** Opening Dataset excerpts block **

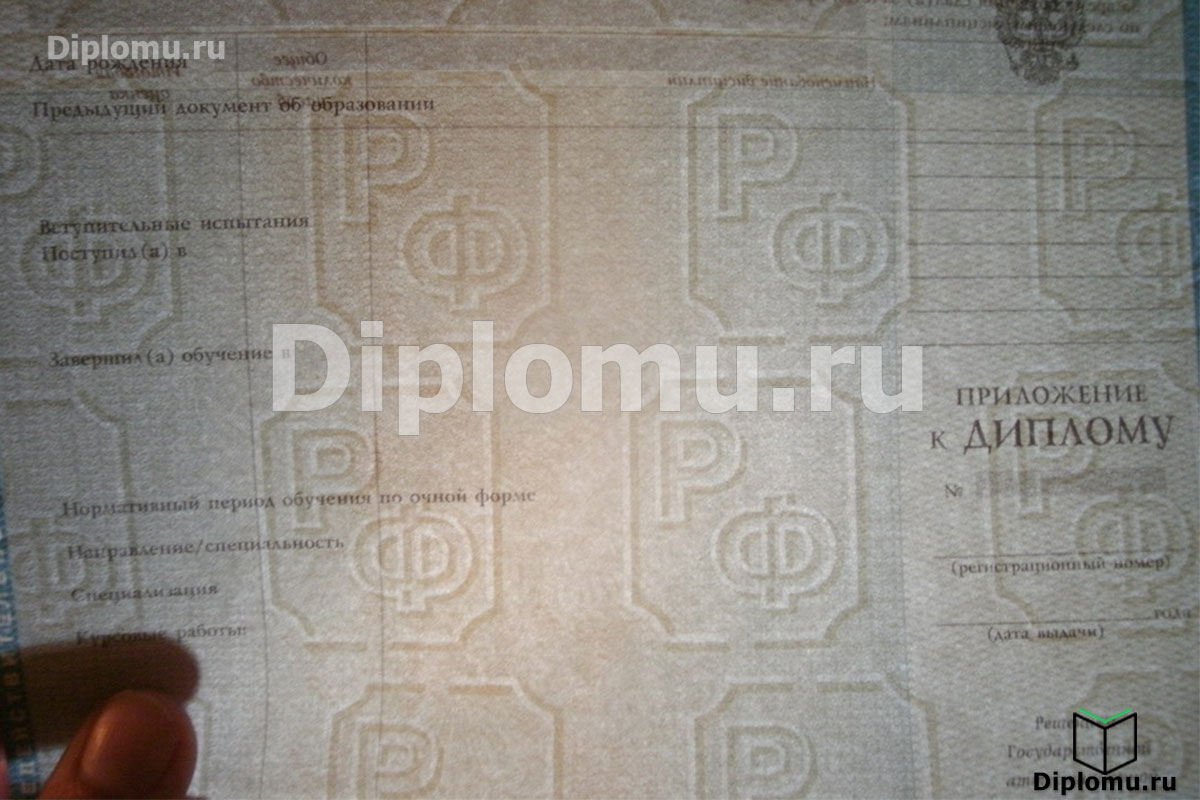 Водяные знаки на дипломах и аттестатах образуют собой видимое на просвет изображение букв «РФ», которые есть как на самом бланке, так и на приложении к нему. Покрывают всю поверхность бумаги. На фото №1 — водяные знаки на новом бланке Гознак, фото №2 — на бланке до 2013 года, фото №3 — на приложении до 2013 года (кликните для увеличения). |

** Closing Dataset excerpts block **
** Opening Dataset excerpts block **

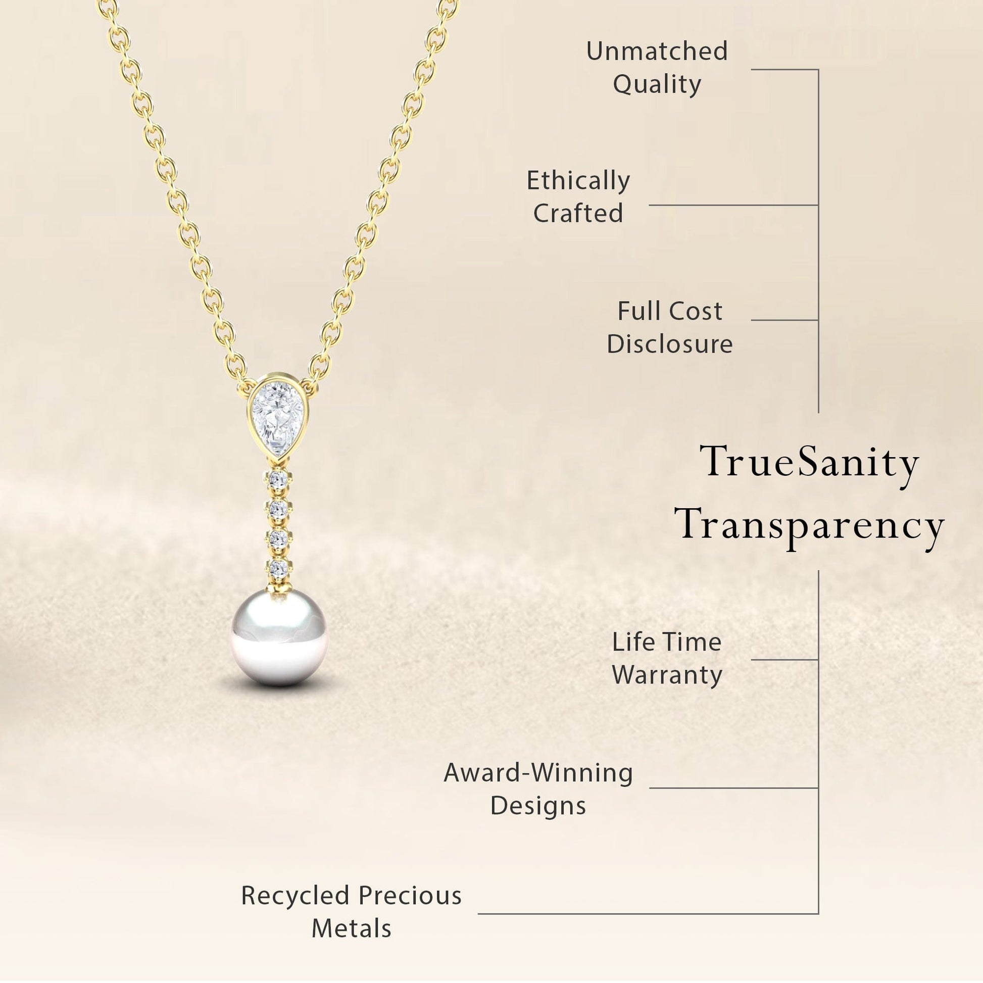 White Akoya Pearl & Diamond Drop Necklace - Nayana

** Closing Dataset excerpts block **
** Opening Dataset excerpts block **

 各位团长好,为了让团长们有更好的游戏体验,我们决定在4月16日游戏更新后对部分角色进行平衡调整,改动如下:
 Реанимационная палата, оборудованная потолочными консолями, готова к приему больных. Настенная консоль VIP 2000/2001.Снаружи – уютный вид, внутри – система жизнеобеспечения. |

** Closing Dataset excerpts block **

For the lines above, output exactly those from the line containing "各位团长好,为了让团长们有更" through the line containing "Реанимационная палата, оборудованная", and skip the others.

__Response to the exercise__.
 各位团长好,为了让团长们有更好的游戏体验,我们决定在4月16日游戏更新后对部分角色进行平衡调整,改动如下:
 Реанимационная палата, оборудованная потолочными консолями, готова к приему больных. Настенная консоль VIP 2000/2001.Снаружи – уютный вид, внутри – система жизнеобеспечения. |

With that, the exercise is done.